Where should I start?
If you want the saga from the beginning: Yellow Crocus → Mustard Seed → Golden Poppies
If you want to continue into the twentieth century: Scarlet Carnation → Falling Wisteria
If you want a standalone historical novel: Paper Wife
If you want a contemporary family story: After the Rain
Author bio
Laila Ibrahim grew up in Whittier, California, on the eastern edge of Los Angeles County, and later moved to Oakland to attend Mills College. She studied psychology and child development there, then continued graduate work in human development at San Francisco State University.
She did not set out early to become a novelist.
Before she was publishing books, Ibrahim spent years in close work with children and families. She founded Woolsey Children's School and worked as a preschool director, later also serving as a birth doula and a religious educator. That background shows up all through her fiction, especially in the care she gives to scenes of parenting, birth, attachment, and the complicated bonds between adults and children.
The story that became Yellow Crocus came to her in 1998, when she began imagining characters she could not shake. She has said she resisted writing the novel for years because she did not really think of herself as a writer. Around her fortieth birthday, she finally decided to begin, and after the usual round of rejections she chose to self-publish the book.
That choice changed things.
Yellow Crocus introduced many readers to the kind of story Ibrahim does especially well: intimate lives set against the pressure of American history. The novels that followed, Mustard Seed, Golden Poppies, Scarlet Carnation, and Falling Wisteria, return to linked families across generations, moving from slavery and Reconstruction into the Gilded Age, the early twentieth century, and World War II. Her focus stays close to the people inside those eras, especially women trying to make decent lives inside systems that were not built for their freedom.
She has said that after Mustard Seed she began imagining a much longer arc, returning to the descendants of her characters about every twenty years or so. That helps explain why the books feel both self-contained and connected.
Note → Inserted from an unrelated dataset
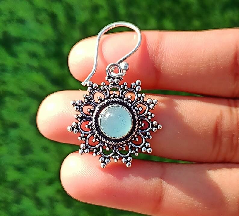 Keyword:Blue Chalcedony Stud Earrings With Sparkling Dangle Gemstone Jewelry
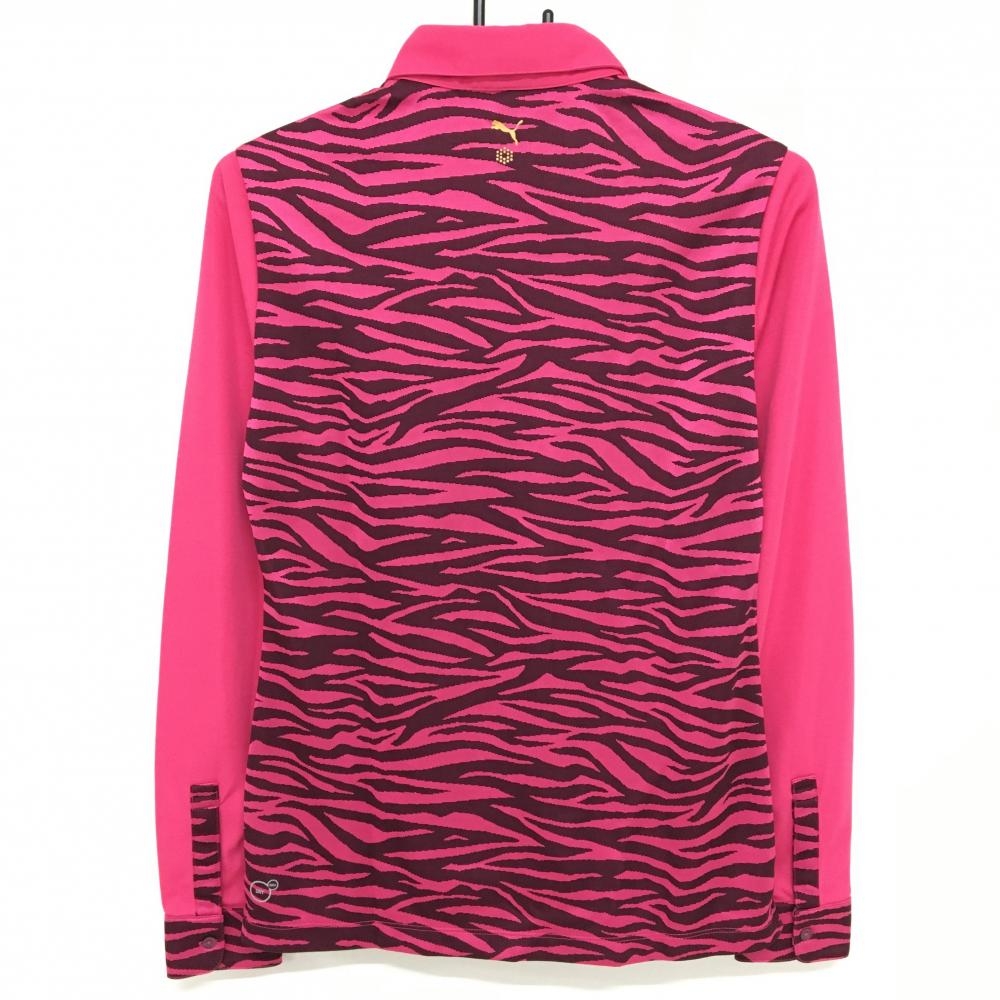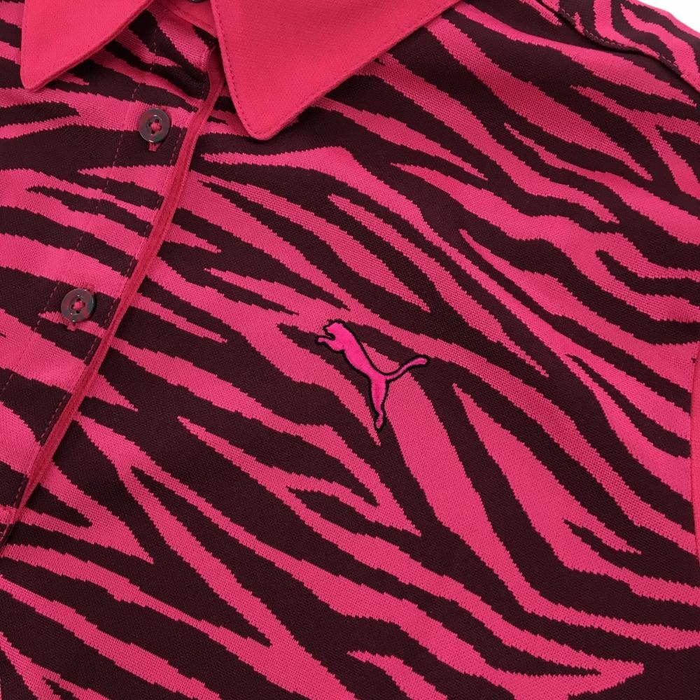 【超美品】プーマ 長袖ポロシャツ ピンク×黒 ゼブラ柄 ロゴ刺しゅう レディース O ゴルフウェア PUMA

Each one brings in new protagonists, new cities, and new social pressures, but the questions underneath remain familiar: what does family ask of us, what does dignity look like in daily life, and how do love, faith, and moral courage survive inside injustice?
Ibrahim has also written outside that saga. Paper Wife turns to Chinese immigration and Angel Island in the 1920s through the story of Mei Ling, while After the Rain, previously published as Living Right, shifts to a contemporary family shaken by a teenage boy's suicide attempt and the conflict between religious certainty and unconditional love. Across these books, readers tend to find the same interests resurfacing: race, belonging, motherhood, chosen family, and people trying to do right without easy answers.
She has said she did not fully feel like a writer until she was partway through her third book. That sounds about right for the kind of career she has built. It was less a dramatic reinvention than a slow willingness to trust the story in front of her and keep going.
Now Ibrahim lives in a small cohousing community in Berkeley, California, with her wife, Rinda. Her grown children and their families are a big part of her life, and so is her toy Australian shepherd, Hazel Nut. When she is not writing, she likes walking with friends, doing jigsaw puzzles, playing games, gardening, traveling, cooking, eating out, and, by her own cheerful account, going to Disneyland.